A world of books (Or: A new library card)

It is time to renew my library card. Over here in the Netherlands, library card fees are not part your property taxes so you have to pay for one separately. On the plus side, it is pretty inexpensive to get a library card – children’s passes are free, with additional discounts based on age (it’s cheaper if you are 18 to 25 or over 65, for instance).

I’ve always been in love with libraries. I can still remember as a kid checking out 15-20 Hardy Boys mystery books at a time (I never got into the Nancy Drew mystery books, unfortunately). And amazingly, not having that many late books. After that I moved on to the Science fiction / fantasy books section for adults, so my time in the children’s department was over.

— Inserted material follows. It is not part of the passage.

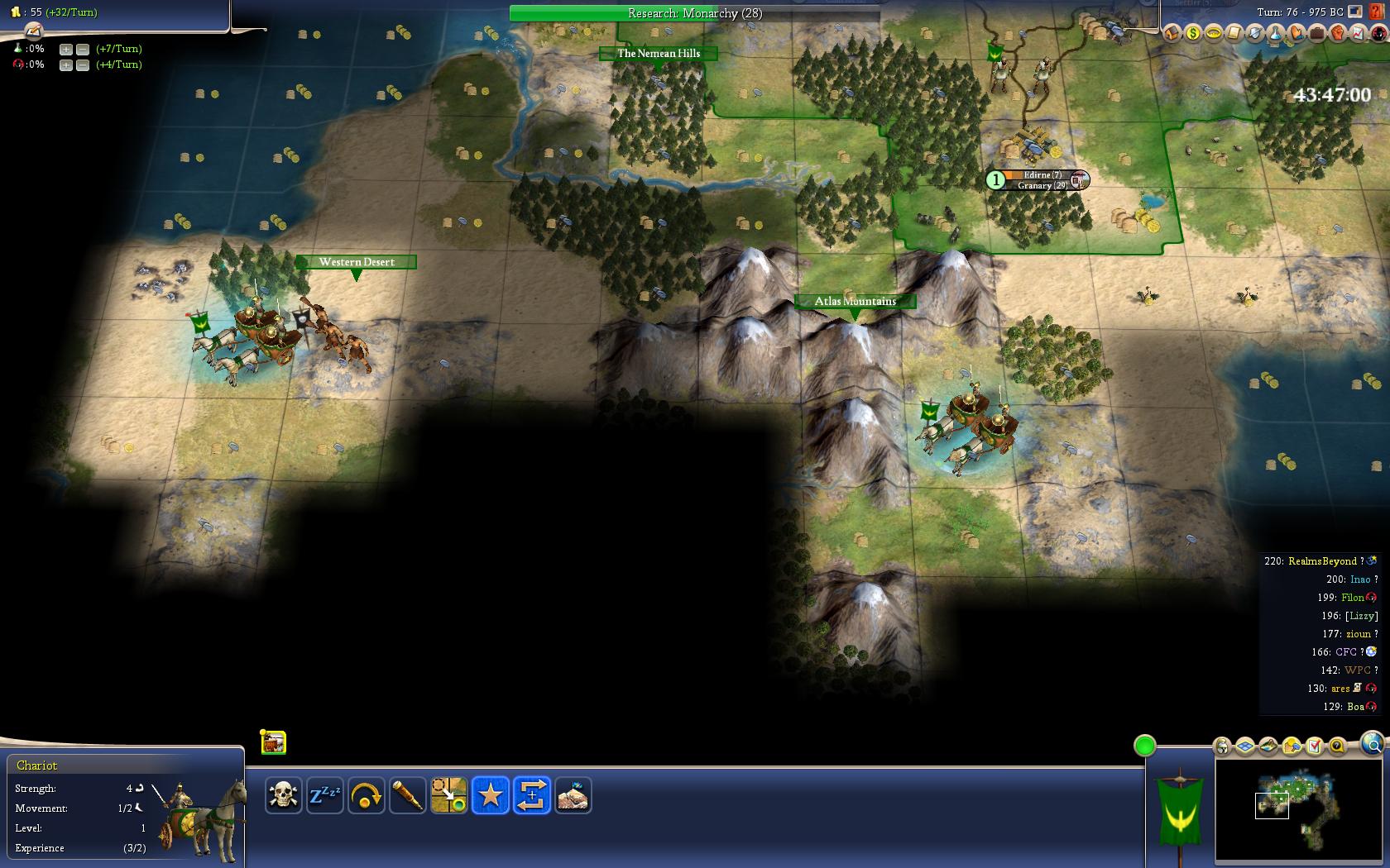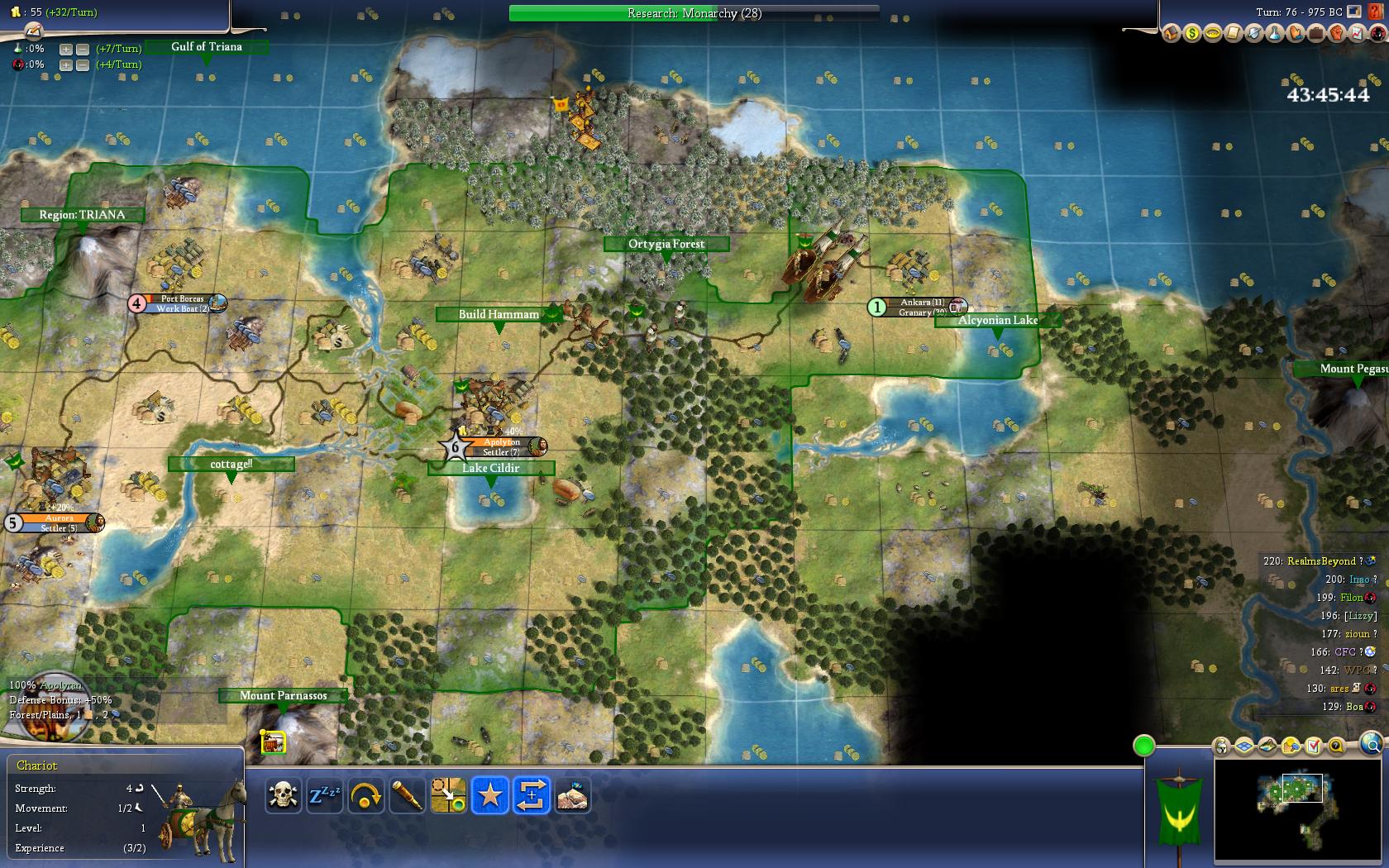 And soon we will have 7 cities, while we are not building any workers right now.

Here in the Netherlands I’ve had a basic pass for the last three years – I remember feeling antsy waiting for enough identification proof to come in to be able to get one (like in the US, you need to prove you live where you say you live, so I needed to wait for something to be mailed to me with my name and address on it).

This year, I decided to go with one of the options above the basic one. I went with a Sterpas (Star pass):

Sterpas library card (The Hague)

The main difference is how many books you can check out at a time (12 books versus 18) and how long you can have them (3 weeks versus 4, with two renewals regardless of your card type). To be honest, it’s not like I ever expect to need more than 12 books at a time – I’m not a kid anymore – but the four weeks lending period is nice. There’s a few other benefits, like maximum 18 free reservations (yes, it’s not free in this country like it might be in parts of the US) and free movies/games/etc, rather than paying a euro and a half per piece.

Sterpas library card (The Hague) and website

Library card with the library website behind it

If you’re living in the Netherlands and looking to learn Dutch, keep in mind the Central Library of The Hague has a pretty big collection to help you out. It’s now on the 2nd floor, by the escalators. I’ve previously written about the “Leer Nederlands” collection.